Edited by Jan Peil and Irene van Staveren
Chapter 15: Efficiency
Irene van Staveren Introduction The dominant economic theory, neoclassical economics, employs a single economic evaluative criterion: efficiency. Moreover, it assigns this criterion a very specific meaning. Other – heterodox – schools of thought in economics tend to use more open concepts of efficiency, related to common sense understandings of cost-saving and preventing waste. Also, to assess the state of an economy, heterodox schools of thought tend to draw upon additional evaluative criteria, such as stability, equity and sustainability. Economics’ widespread concern with efficiency is, of course, implied in the well-known definition of the subject as ‘the study of the allocation of scarce resources to alternative ends’. Here, the aspect regarded as mattering most is simply which allocation of resources helps to achieve the most ends. However, efficiency has not always dominated economic evaluation. For Adam Smith, a good economy was characterized not only by efficiency in exchange, but also by moral sentiments underlying the functioning of markets.

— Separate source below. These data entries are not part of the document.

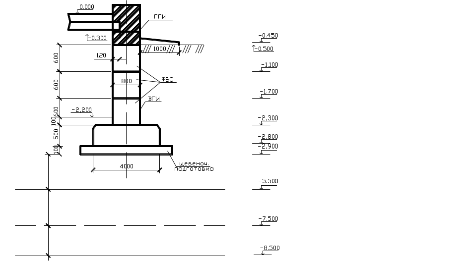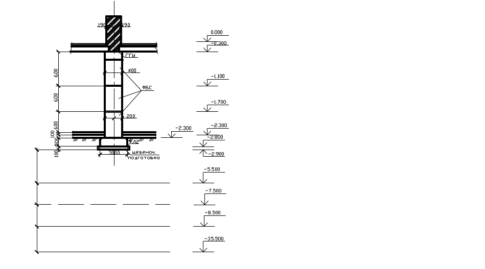 3.2.4. Расчет ленточного центрально-нагруженного фундамента под внутреннюю стену в подвальной части здания. Сечение 3-3.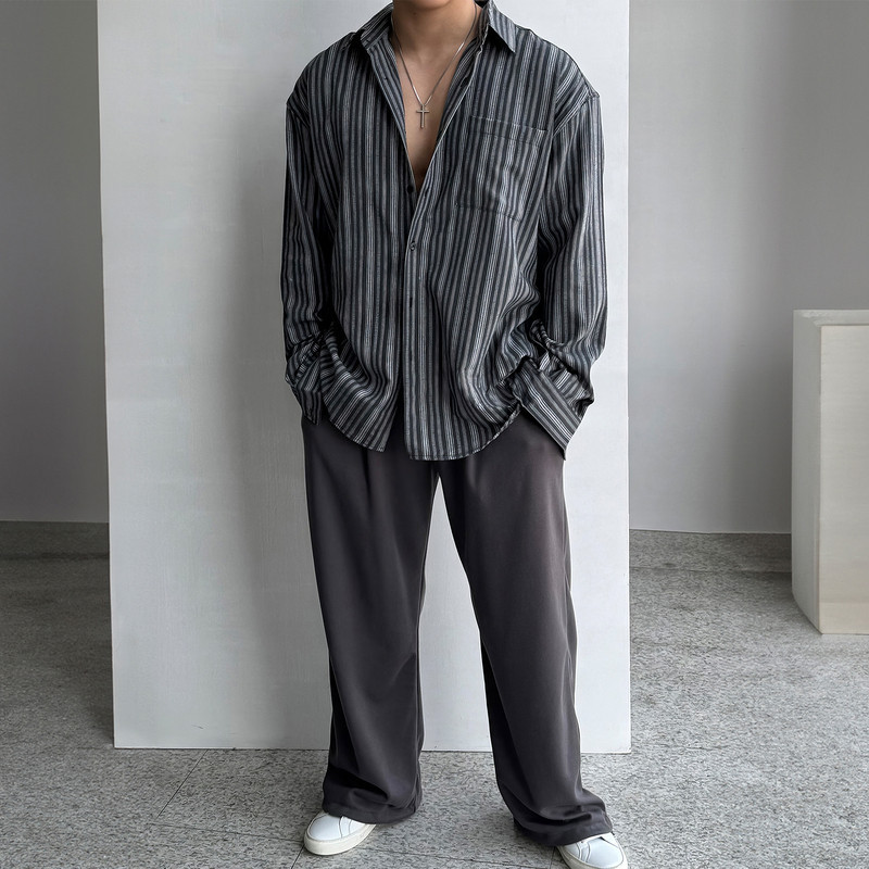 轻薄条纹长袖衬衫男士春秋复古轻熟风轻奢衬衣慵懒松弛感休闲上衣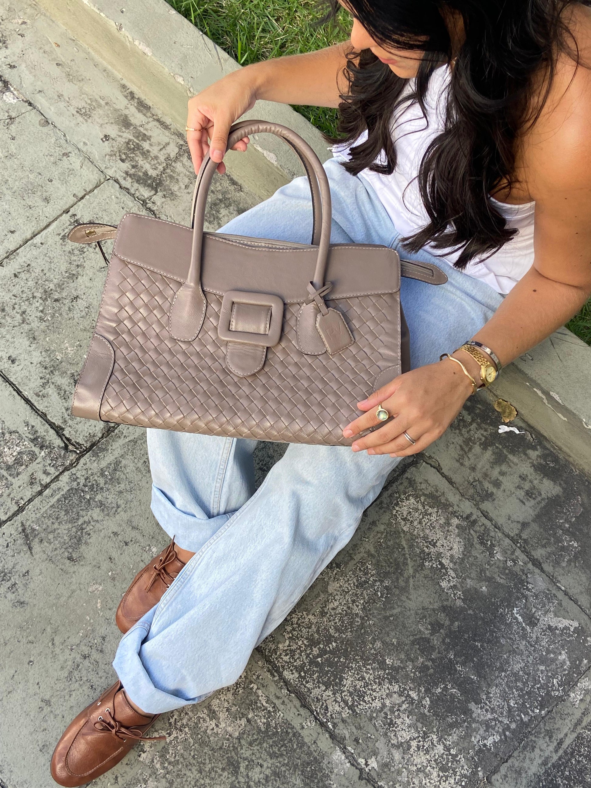 A Bolsa Érica une design clássico e modernidade em uma peça única. Com estrutura elegante, feita em couro legítimo com acabamento trançado na parte frontal, ela é perfeita para elevar qualquer look. O detalhe da fivela frontal traz personalidade, enquanto o espaço interno garante praticidade no dia a dia.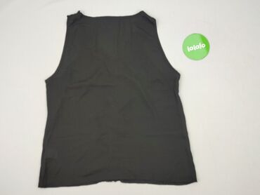 Czarna damska bluzka bez rękawów - Krój: prosty, lekko dopasowany, delikatnie opadające ramiona (cap sleeves) - Dekolt: zaokrąglony z wstawką w kształcie litery V - Rozmiar z metki: XL - Materiał:...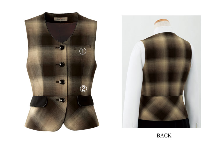 【在庫限り】[通年]ベスト[カフェオレチェック](21-11880)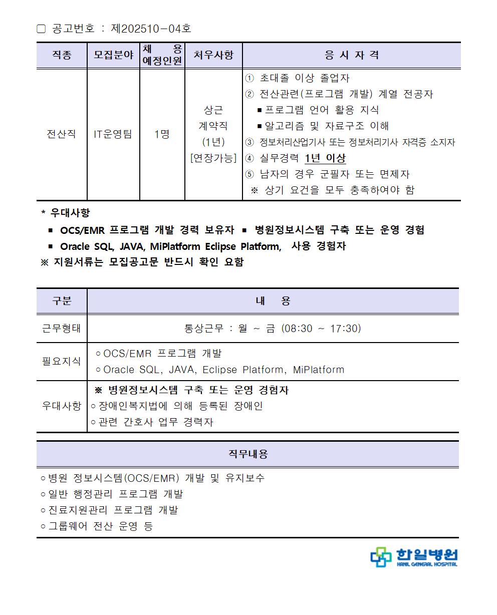 | 채용공고명 | [ 온라인 ] IT운영팀 전산직 직원 채용 | ||||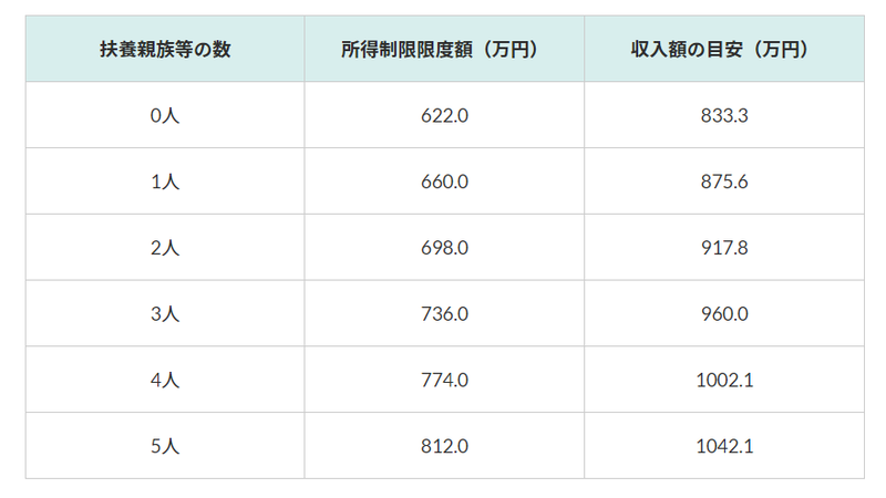 1.所得税法に規定する老人控除対象配偶者または老人扶養親族がいる方の限度額(所得額ベース)は、上記の額に当該老人控除対象配偶者または老人扶養親族1人につき6万円を加算した額。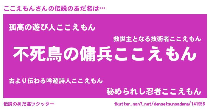 | 女子向けラノベタイトル風あだ名 | 『ここえもん姫と円卓の騎士』 |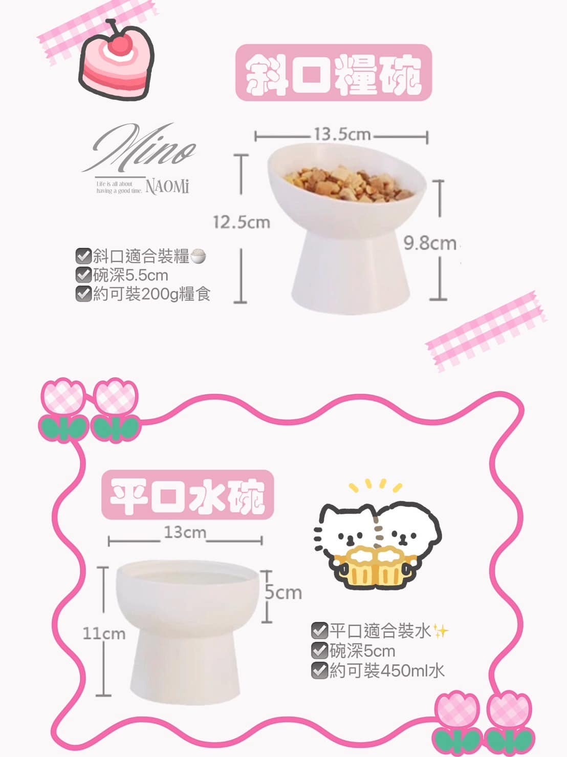 《🐱精緻毛孩🐶貼心斜口高腳護頸陶瓷食器、糧碗、水碗》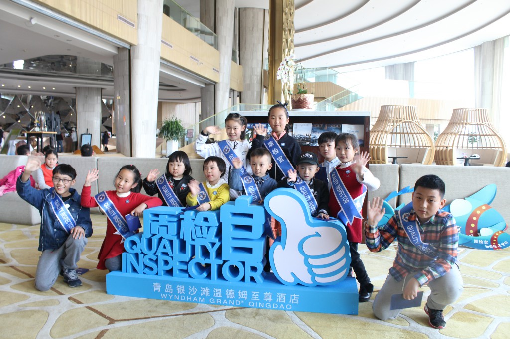 這里就是風(fēng)景秀麗、環(huán)境設(shè)施一流的青島銀沙灘溫德姆至尊酒店了!在春意盎然、清風(fēng)拂面的午后到達(dá)活動現(xiàn)場,小朋友們會先來到明亮舒適的大堂。熱情的禮賓人員早早等候在這里,帶領(lǐng)“小小質(zhì)檢官”們簽到。

A market economy, Smith argued in his Wealth of Nations, should combine efficiency and equity: ‘It is but equity, besides, that they who feed, cloath and lodge the whole body of the people, should have such a share of the produce of their own labour as to be themselves tolerably well fed, cloathed and lodged’ (Smith  1981, p. 96). John Stuart Mill considered a good economy one that provides freedom for all agents, including the socially and politically marginalized, such as women. This requires not only the negative freedom of markets, but also positive...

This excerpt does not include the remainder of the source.